Question for Dr. Matei: You mentioned that professors "can decide the amount of work allocated to contributing the entries to Wikipedia". I am assuming that, there, students will have no special privileges whatsoever. Is there a way you can tailor this program to allow students to achieve the same basic learning outcomes, but at the improved environment of Citizendium, without requiring they be given as many special privileges? See below--Sorin Adam Matei 14:17, 24 April 2007 (CDT)
—Stephen Ewen 23:56, 20 April 2007 (CDT) (Who read Wenger & Snyder in his own grad program) ;-)
- I have edited "can decide the amount of work allocated to contributing the entries to Wikipedia" simply to replace "Wikipedia" with "the Citizendium"--I simply assumed that that's what Sorin meant. --Larry Sanger 12:56, 30 May 2007 (CDT)
The undergirding philosophy of this proposal is that ultimately the ones we want to attract are the professors and that everything we do should benefit the education process. I think that we need to convince them that Eduzendium is something that benefits their students and the educational processes first and foremost. If we ask them to do anything that benefits Eduzendium first, if we ask them to work for us, not with us, we will not have much success in academia.
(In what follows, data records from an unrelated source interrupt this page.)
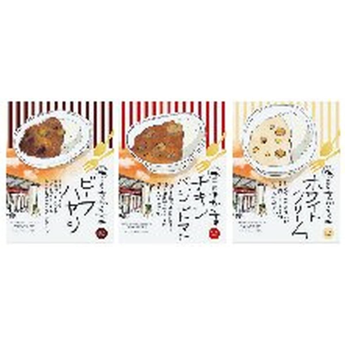 ●数量・内容:ビーフハヤシ・チキンバジルトマト・ホワイトクリーム各200g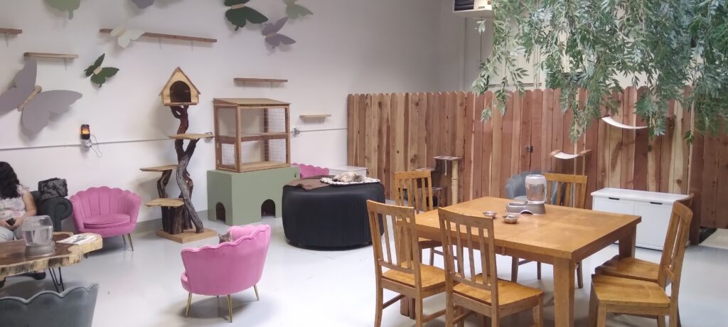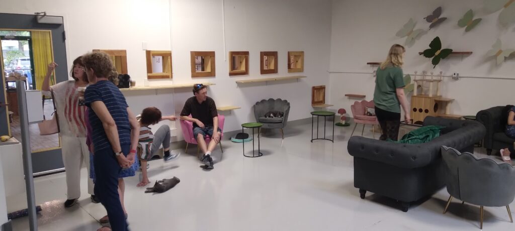 My wife and I stopped by at around noon. About 5 other seniors were in the cat lounge. Each one had a cat paying full attention to them. Two ladies smiled as they softly waved feather toys at their “hosts”. Two others enjoyed petting their new partners. One was reading with a cat by her side. We found a cat by itself and had a seat by one. Looking around, I was surprised at the size of this place! For the first floor cat lounge we were in, I could tell that minds were at work here to make it a pussycat paradise. There’s room to roam, a tree, resting hammocks attached to walls, cat trees, cat houses, boxes with holes for kittens to hide and a bookcase with board games for people. Cat toys are scattered everywhere.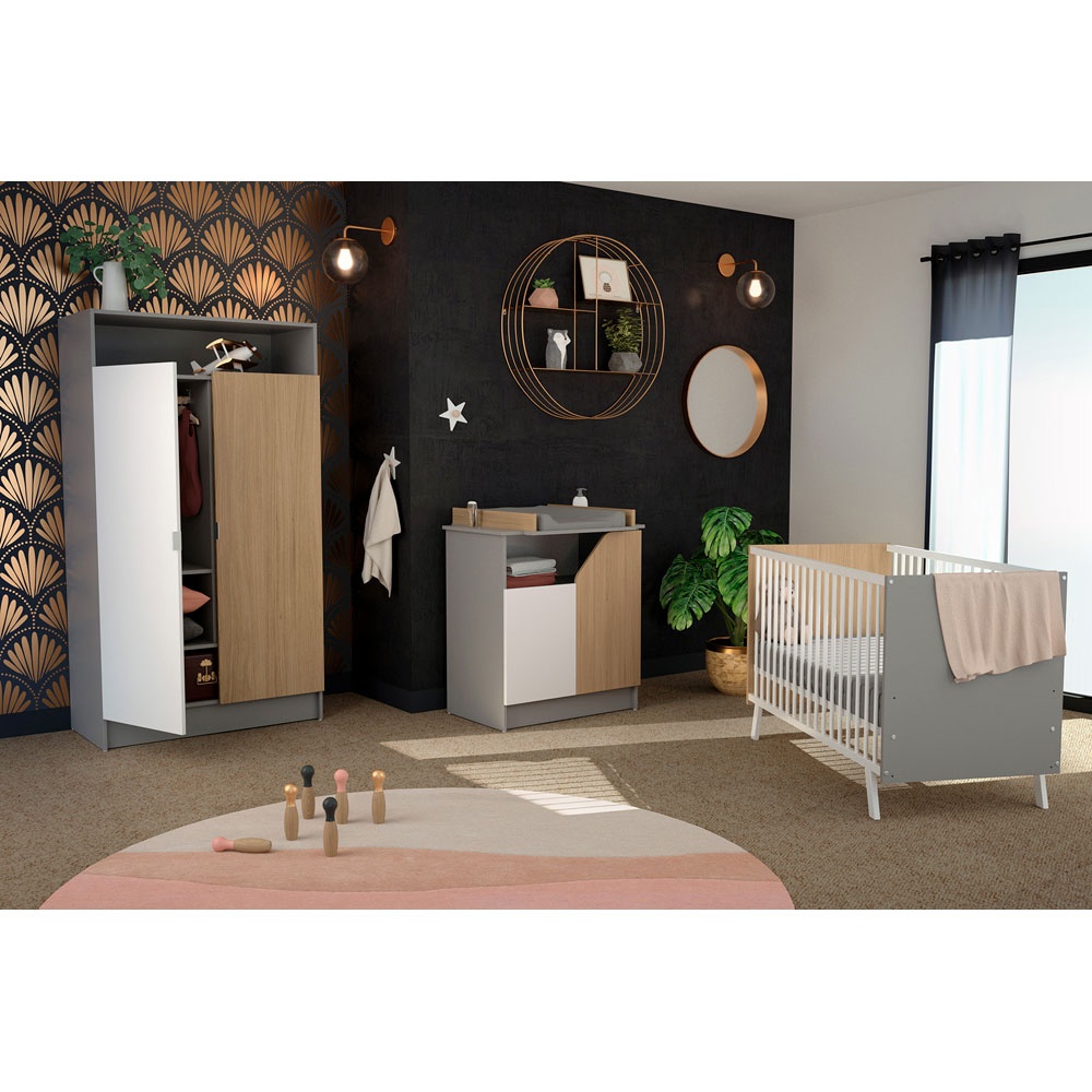 Meuble à langer carnaval blanc, gris et chêne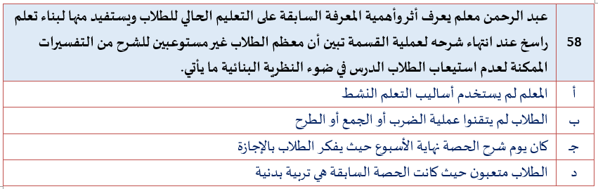 السؤال رقم 58 من التجميعات المؤكدة 100% لاختبار #الرخصة_المهنية القسم التربوي.
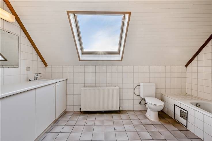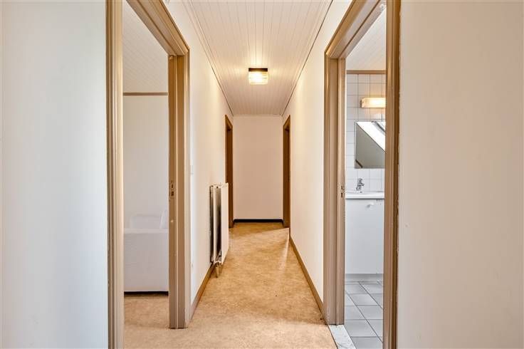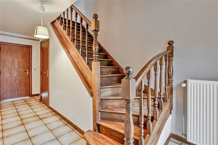 De eerste woning bevat op het gelijkvloers een inkomhal met gastentoilet met links een aparte bureauruimte en rechts de garage. Vervolgens bereiken we de ruime leefruimte met naastgelegen keuken. Vanuit de keuken bereikt men nog een berging, douche, toilet en een bijkeuken dat tevens dient als achterinkom. Op de eerste verdieping bevinden zich 3 slaapkamers, een badkamer en een linnenkamer. De tweede woning bevat op het gelijkvloers een inkomhal met gastentoilet die ons vervolgens tot de ruime leefruimte brengt. Achtergelegen bevindt zich de keuken met vervolgens aanpalend een zeer ruime bijkeuken die tevens dient als achterinkom, een toilet en douche. Op de eerste verdieping bevinden zich 3 slaapkamers en een badkamer.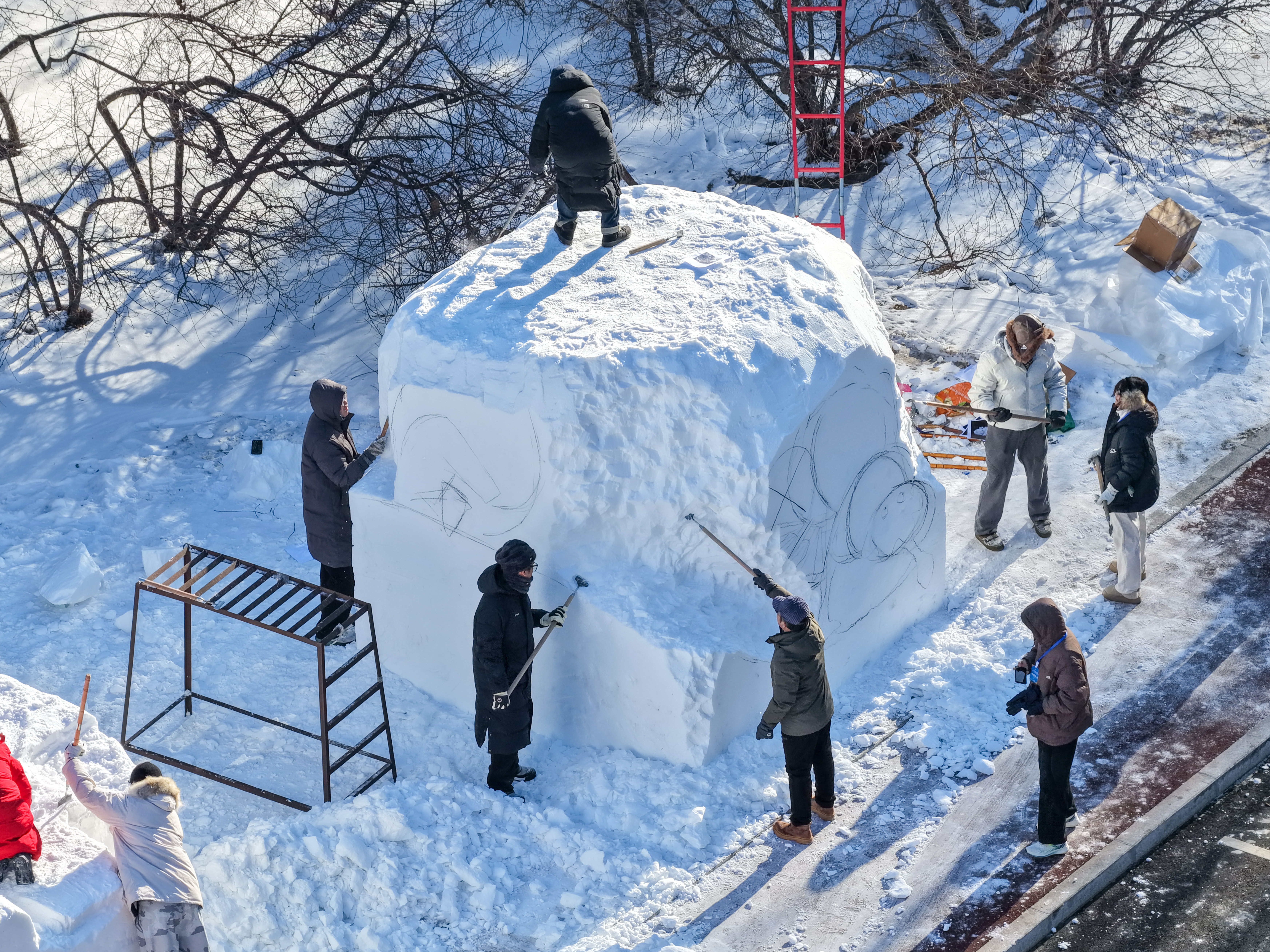 上午八点,大赛正式“开铲”。来自世界各地的青年“雪雕艺术家”齐聚赛场,围绕一方方雪块展开创作。刹那间,铲起雪扬,锯声沙沙,刀尖轻舞,安静的雪场化作一片热情洋溢的创作海洋。梯架之上,有人挥大刀阔斧勾勒轮廓,雪屑如雾飘洒;雪块之侧,有人俯身精雕,专注刻画细微纹理。还有队员围在一起,对着设计图低声讨论。寒风中,他们呼出的白气与飞扬的雪屑交织在一起,冻红的脸颊上却目光炯炯,手中工具与冰雪的每一次碰撞,都在诉说专注与热忱。

On the other hand, the proposal has tried to be sensitive to the fact that Citizendium has a specific editorial process, one that balances openness with editorial stewardship. Yet, from what I hear from Steve the limited tenancy process proposed here seems to be to encroaching too much upon the CZ's freeholding system. How about we create an Eduzendium sandbox (Eduzendium labs?) where academics can work on all sorts of articles, including duplicates, with total impunity and absolute autonomy, the only requirment being that whatever they produce should be released to the world under Citizendium's copyright requirements (GDFL?)? The vetting and approval sysem will be taken care by the CZ editors, who will weigh and consdier the value, completness and timeliness of all existing in Eduzendium?--Sorin Adam Matei 14:26, 24 April 2007 (CDT)
I think we need to put it to the community and to the Editorial Council whether we want to allow seminars to "set aside" certain topics for their exclusive work. I think that this is a small price to pay for their work and (later) potential involvement as a part of the community. If a professor and 15 Purdue graduate students wanted to put in hundreds of hours of work creating 15 really high-quality articles, and they "squat" on those topics for only three months, what really is the downside? Bear in mind that they can work with us, if that's what the professor wants.
The idea of an Eduzendium sandbox is a bad one. A large part of the attraction of the assignment is that the results become part of CZ. If Eduzendium participants are relegated to a sandbox, there's no guarantee that their work will be appended to CZ--which completely removes the main incentive.
It's important that professors be able to restrict access, however, because then some students might get help from the CZ community when other students don't; and then Citizens might interfere with the educational process in various undesirable ways. If you want the benefit of instructor involvement, in this way, you've got to give professors some (temporary) authority over some topics. This I think we can do... --Larry Sanger 12:56, 30 May 2007 (CDT)
Why limit the work to graduate students?
Why be so narrow in the use of student products? Not every topic (e.g. elephants) is so sophisticated as to require a graduate student to write the prose.
Why not have undergraduate students in expository writing courses write or expand CZ articles on a specific topics? Likewise, why not have students in a variety of courses write articles relevant to their particular course. Either set of students could work collectively or individually? With course instructors acting as a screening mechanism one should be able to ensure that the products are of sufficiently high quality. With a little organizational creativity one could have an army of undergraduates fleshing out CZ.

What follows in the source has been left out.